Matthias Leisi wrote:
> -----BEGIN PGP SIGNED MESSAGE-----
> Hash: SHA1
>
>
>
> mouss schrieb:
>
> |> Does Postfix allow you to use white lists? If so - what's the syntax?
> |> I'm about to publish my whitelist for Postfix.
> |>
> |
> | No. DNSWL offer an rsync access.
>
> That's the exact reason we offer rsync access *to a specially formatted
> file* (see http://www.dnswl.org/tech#postfix and
> http://groups.google.com/group/list.postfix.users/browse_thread/thread/4fa72d11f61029c3/94f8969818d6a7c8)
>
>
It appears that Postfix only does DNS blacklists and not whitelists
then. I was going to publish my whitelist and Postfix instructions but I
guess I can't do that.
Re: Quick Postfix Question [OT]
Posted by mouss <mo...@netoyen.net>.
Matthias Leisi wrote:
>
>
> mouss schrieb:
>
> |> Does Postfix allow you to use white lists? If so - what's the syntax?
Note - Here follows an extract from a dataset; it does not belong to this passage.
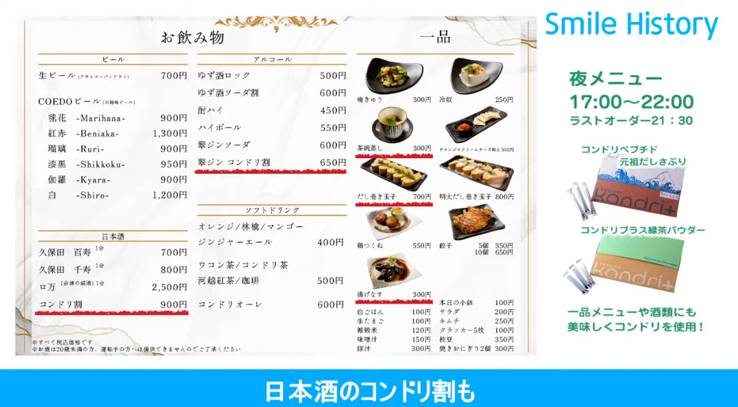 また本間さんの会社では、勾玉レストランの健康食材として提供しているコンドリプラス製品の代理店でもありトップセールスを継続中。

> |> I'm about to publish my whitelist for Postfix.
> |>
> |
> | No. DNSWL offer an rsync access.
>
> That's the exact reason we offer rsync access *to a specially formatted
> file* (see http://www.dnswl.org/tech#postfix and
> http://groups.google.com/group/list.postfix.users/browse_thread/thread/4fa72d11f61029c3/94f8969818d6a7c8)
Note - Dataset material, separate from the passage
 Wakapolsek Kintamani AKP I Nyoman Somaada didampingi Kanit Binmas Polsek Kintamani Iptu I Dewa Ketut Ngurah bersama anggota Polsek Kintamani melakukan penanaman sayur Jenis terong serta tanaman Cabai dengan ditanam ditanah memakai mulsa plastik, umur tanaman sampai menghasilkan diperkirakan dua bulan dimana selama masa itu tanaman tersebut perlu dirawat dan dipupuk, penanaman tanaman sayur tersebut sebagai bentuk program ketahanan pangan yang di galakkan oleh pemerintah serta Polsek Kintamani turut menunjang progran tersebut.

and that's much appreciated.
Thank's a lot.
Re: Quick Postfix Question [OT]
Posted by Matthias Leisi <ma...@leisi.net>.
-----BEGIN PGP SIGNED MESSAGE-----
Hash: SHA1
mouss schrieb:
|> Does Postfix allow you to use white lists? If so - what's the syntax?
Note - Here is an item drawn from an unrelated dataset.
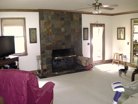 Tile floor in foyer. Great room is step down with tiled fireplace and newly installed Bruce hardwood flooring. Formal dining room has chair rail and laminate floor. Kitchen has tile floor, stainless steel range and dishwasher, chair rail and bay window. Large pantry in laundry room. (Half bath was there. The plumbing is still there if want to put back.) Hall bath has tile floor. Nice size Master bedroom with walk-in closet. Inground gunite pool. Large Deck. Covered arbor. Workshop in garage. Storage under house on cement pad. New plaster in pool 2008. Pump 2 years old. 385' deep well on property.
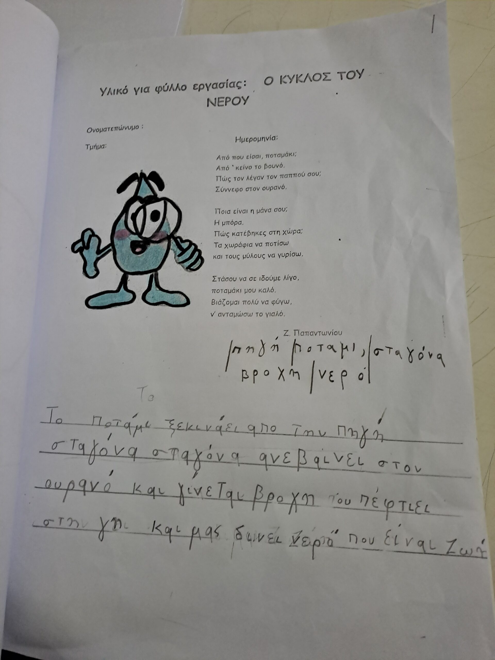 Οι μαθητές μίλησαν για τον κύκλο του νερού, διάβασαν βιβλία για αυτό και έκαναν ομαδικές εργασίες.

|> I'm about to publish my whitelist for Postfix.
|>
|
| No. DNSWL offer an rsync access.
That's the exact reason we offer rsync access *to a specially formatted
file* (see http://www.dnswl.org/tech#postfix and
http://groups.google.com/group/list.postfix.users/browse_thread/thread/4fa72d11f61029c3/94f8969818d6a7c8)
- -- Matthias, for dnswl.org
-----BEGIN PGP SIGNATURE-----
Version: GnuPG v1.4.6 (Darwin)
iD8DBQFHxWK3xbHw2nyi/okRAiWKAJ4mx/2oRoMxZm9EKrgtMYs7FcE2wwCgk0kS
IRecrQARnj9WRxgqMK0PjmM=
=Fd9W
-----END PGP SIGNATURE-----
Re: Quick Postfix Question [OT]
Posted by mouss <mo...@netoyen.net>.
Marc Perkel wrote:
> Postfix allows you to use blacklists as follows:
>
> reject_rbl_client blacklist.junkemailfilter.com
>
> Does Postfix allow you to use white lists? If so - what's the syntax?
> I'm about to publish my whitelist for Postfix.
>
No. DNSWL offer an rsync access. This is better for performances and for
DoS.
for postfix related questions, please use the postfix-users list.